1.0 Red Hat Openshift Local (CodeReady for containers)
Red Hat OpenShift Local brings a minimal OpenShift Container Platform 4 cluster and Podman container runtime. These runtimes provide minimal environments for development and testing purposes. This in fact is the quickest way to get started building Openshift cluster. It's designed to run in a single node or desktop running Linux, macOS or Windows 10.
Red Hat OpenShift Local includes the crc command-line interface (CLI) to interact with the Red Hat OpenShift Local instance using the desired container runtime and we'll be using this command to setup and start the cluster in the Azure Soltuion.
1.1 Differences from a production OpenShift Container Platform installation.
The OpenShift preset for Red Hat OpenShift Local provides a regular OpenShift Container Platform installation with the following notable differences:
- The OpenShift Container Platform cluster is ephemeral and is not intended for production use.
- Red Hat OpenShift Local does not have a supported upgrade path to newer OpenShift Container Platform versions. Upgrading the OpenShift Container Platform version may cause issues that are difficult to reproduce.
- It uses a single node which behaves as both a control plane and worker node.
- It disables the Cluster Monitoring Operator by default. This disabled Operator causes the corresponding part of the web console to be non-functional.
- The OpenShift Container Platform cluster runs in a virtual machine known as an instance. This may cause other differences, particularly with external networking.
1.2 Prerequisites
Right now we have avalible the Openshift local base on Centos Server 7. The minimun required to run Openshift local (CRC) is 4 physiscal CPU cores and 9 GB of free memory. To be able run our solution without any errors, we recommend use the below version of in Azure Virtual Machines:
- (Recommended) D-Series v4 or v5: D4ds_v4 & D4s_v4
- E-Series v4 or v5: E4ds_v5 & E4s_v5
The Openshift Local solution in the Marketplace have an additional disk of 35GB to store the Openshift cluster information.
2.0 Installation
Now let's begin with the fun part!
The first step is create the new Virtual Machine using our Marketplace solution, for that just login in the Azure portal and search for "Openshift Local CentOS"

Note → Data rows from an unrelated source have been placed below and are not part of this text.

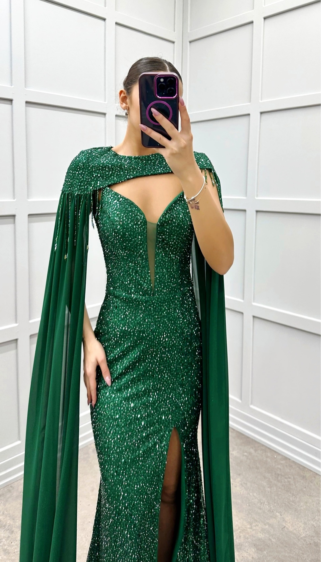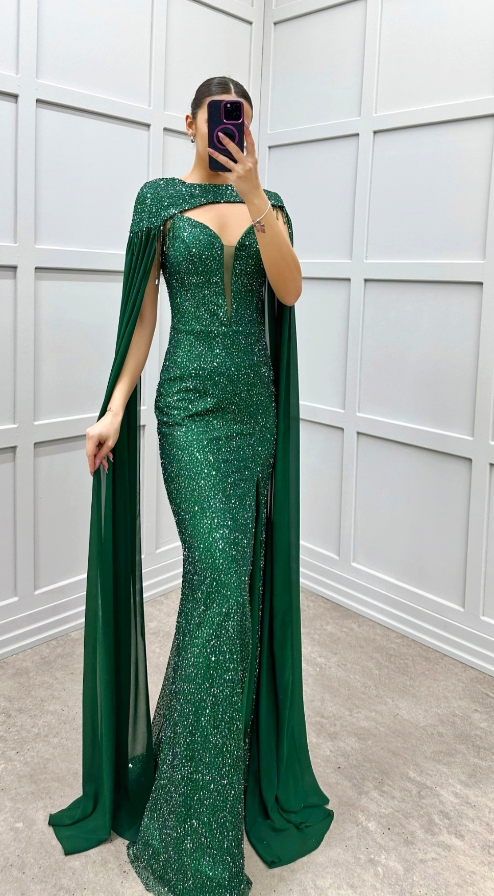 Εντυπωσιακό Πράσινο Βραδινό Φόρεμα με Κάπα & Σκίσιμο
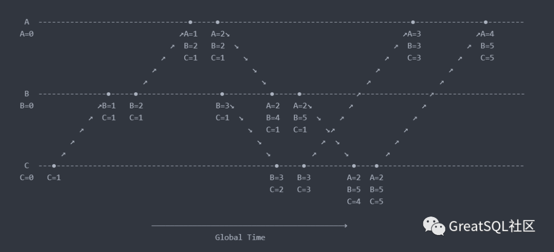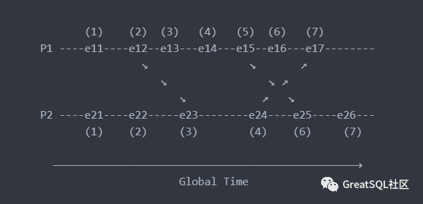 从上面的介绍中可以发现,逻辑时钟是一个正确的算法。MySQL的用户可能觉得逻辑时钟很熟悉,在MySQL的组提交中正是应用了逻辑时钟的方式来解决 binlog 在副本上进行重放时的并发问题。逻辑时钟可以解决事件的偏序问题,但在事件全序上则无法保证。即能够保证存在因果关系的事件的时序,但在不同的节点上不存在因果关系的事件却不符合事件真正发生的顺序。这是因为事件只有在发生因果关系(存在依赖关系)时才会向其他进程发送事件,不存在因果关系的事件之间不存在交互,也就无从知道它们事件的时序。虽然我们从上帝视角可以知道他们的时序,但进程视角的狭隘限制了它。
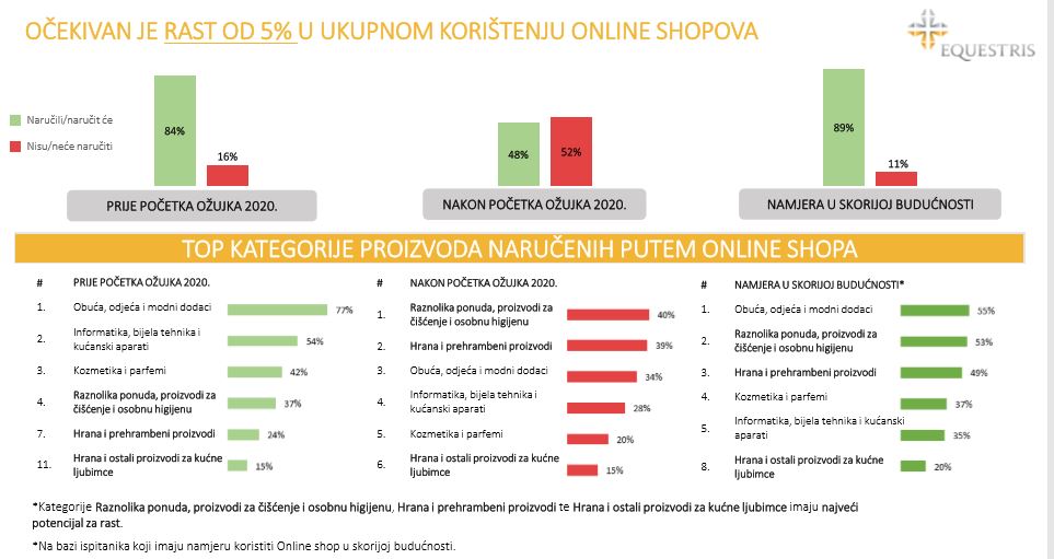 Istraživanje je pokazalo da se prema namjeri online kupovine u skorijoj budućnosti može očekivati ponovni rast tih kategorija, dok kategorije Raznolike ponude, proizvoda za čišćenje i osobnu higijenu, Hrane i prehrambenih proizvoda te Hrane i ostalih proizvoda za kućne ljubimce imaju najveći potencijal za rast.
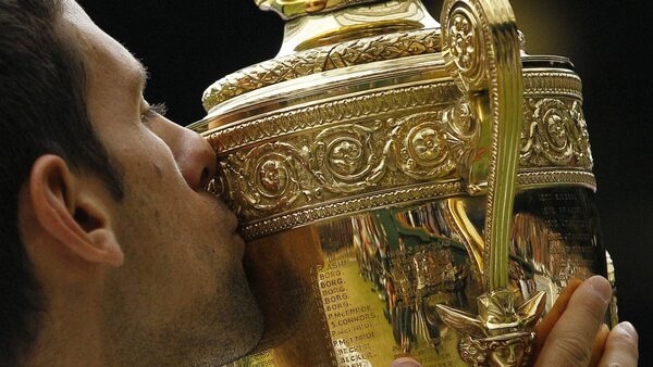 In this July 3, 2011 file photo, Serbia's Novak Djokovic kisses the trophy after defeating Spain's Rafael Nadal in the men's singles final at the All England Lawn Tennis Championships at Wimbledon. (AP Photo/Kirsty Wigglesworth, File)Kirsty Wigglesworth/The Associated Press
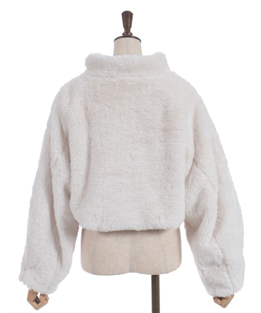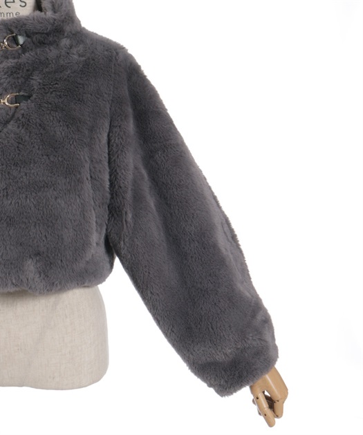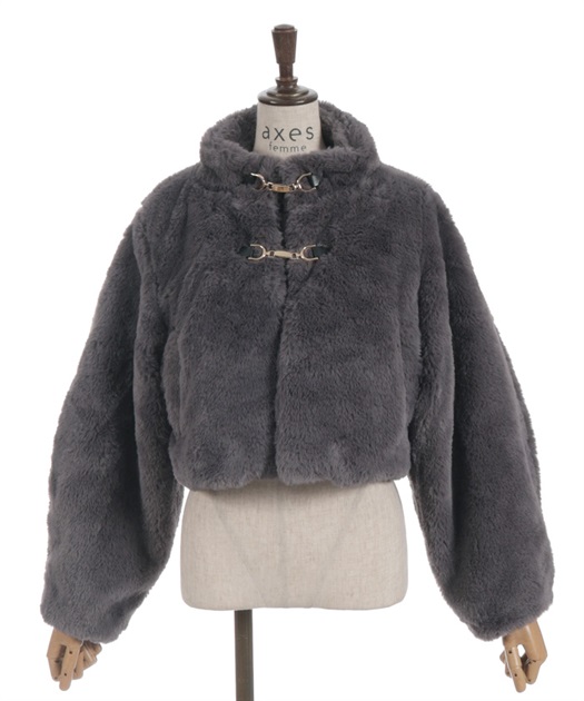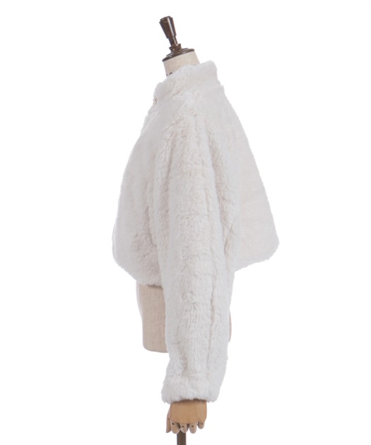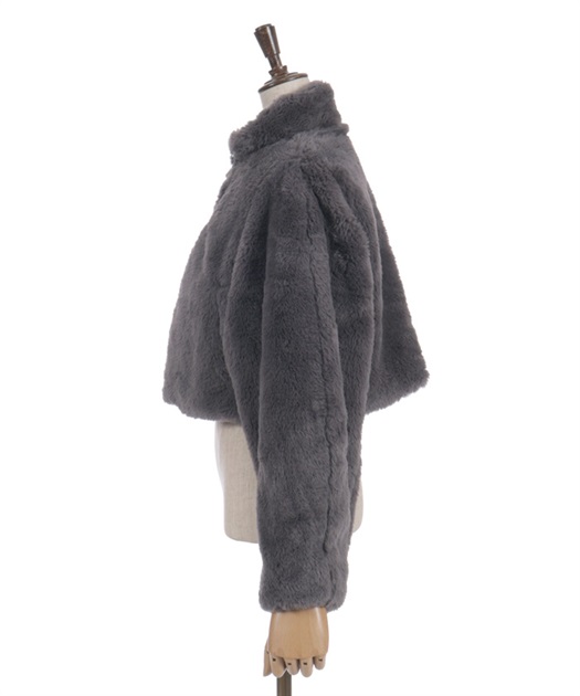 ふんわりとしたファーの質感が季節感を高め、羽織るだけで華やかな印象が叶うショートアウター。
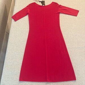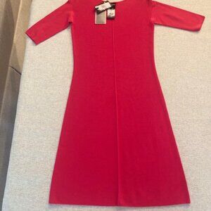 New with tags. Giorgio Armani knit midi dress. EU size 40. Flattering and versatile neckline that looks great with jewelry or scarf. Light weight knit, perfect for any season. Elbow length sleeves, soft, lovely slight A-line drape.
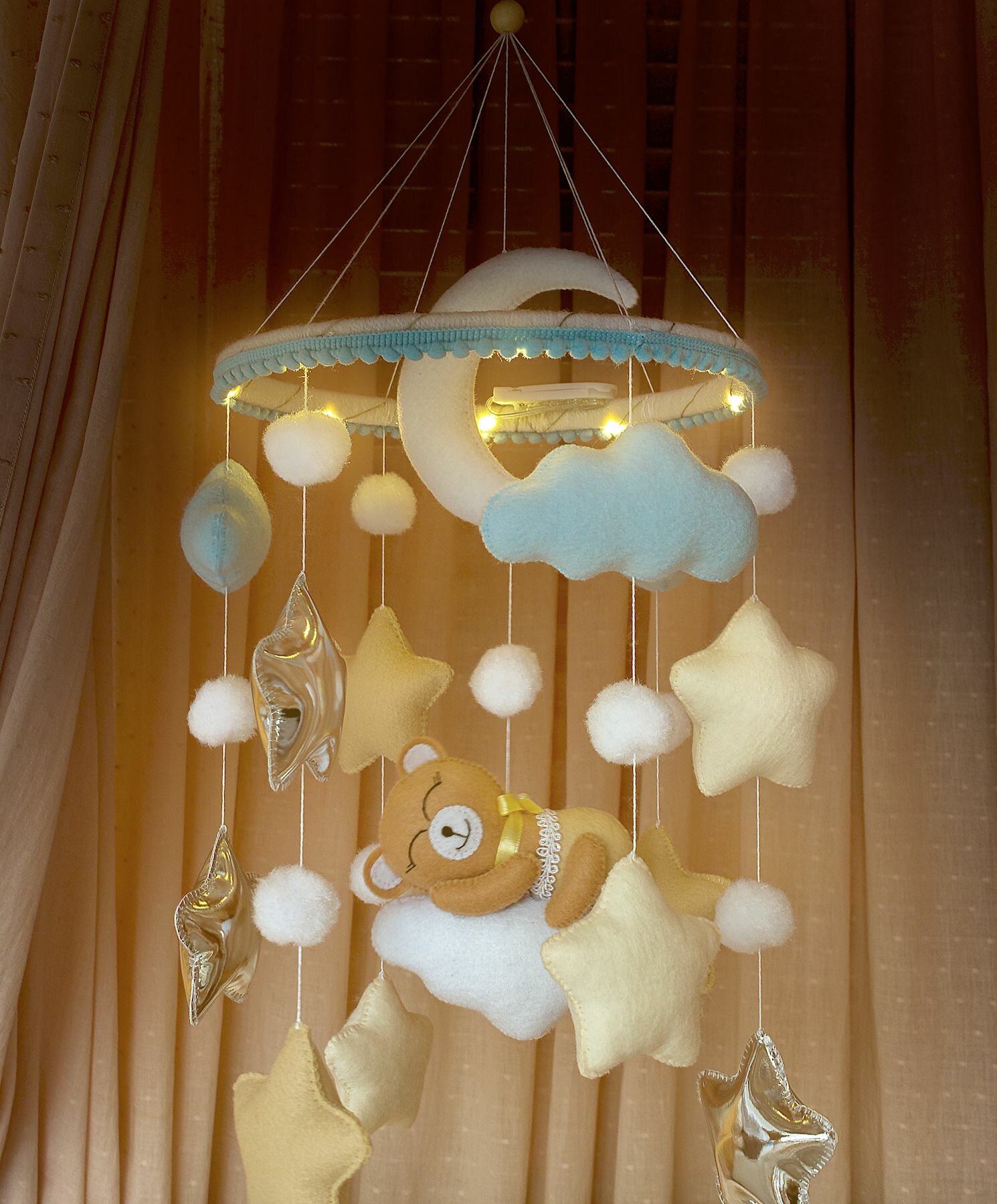 Музыкальный мобиль с кронштейном, ночником и блоком с мелодиями
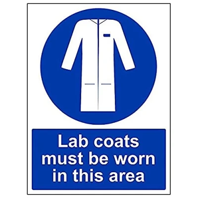 Helps to fulfil legal obligations to remind staff and visitors to wear the appropriate PPE when required to ensure personal safety as per Health and Safety (Safety Signs & Signals) Regulations 1996 Conforms to EN ISO 7010:2012 - Mandatory Signs feature a round symbol with a blue background of at least 50% of the total sign area, with a white pictogram and text Portrait Orientation. Sign reads "Lab Coats Must Be Worn In This Area" Highly durable 1mm plastic material and screen printed message will stand the test of time Sign measures 300 x 400mm.
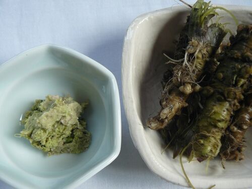 「岐阜に仕事で行ってきた」 と、指位の大きさのワサビを 65才、自称他称「熊さん」 お嫁さん募集中、山仕事の村の男性がくれた。 仕事中に 谷で見つけたんだろうね。 大きな体を曲げて黙々と ワサビを採っている姿が目に浮かぶ。 早速おろして素麺のたれ…

Check the plan and click in "CREATE"
Select the name of you Virtual Machine, size (Recommended) D-Series v5: D4as_v5 or D4as_v5, networking, disk, etc.
Check if everthing is fine, review and create the Virtual machine, the creation will take a couple minutes.
Now that you have your Virutal Machine up and running, you just need to setup your cluster and start. For this we'll be using the CRC command line interface.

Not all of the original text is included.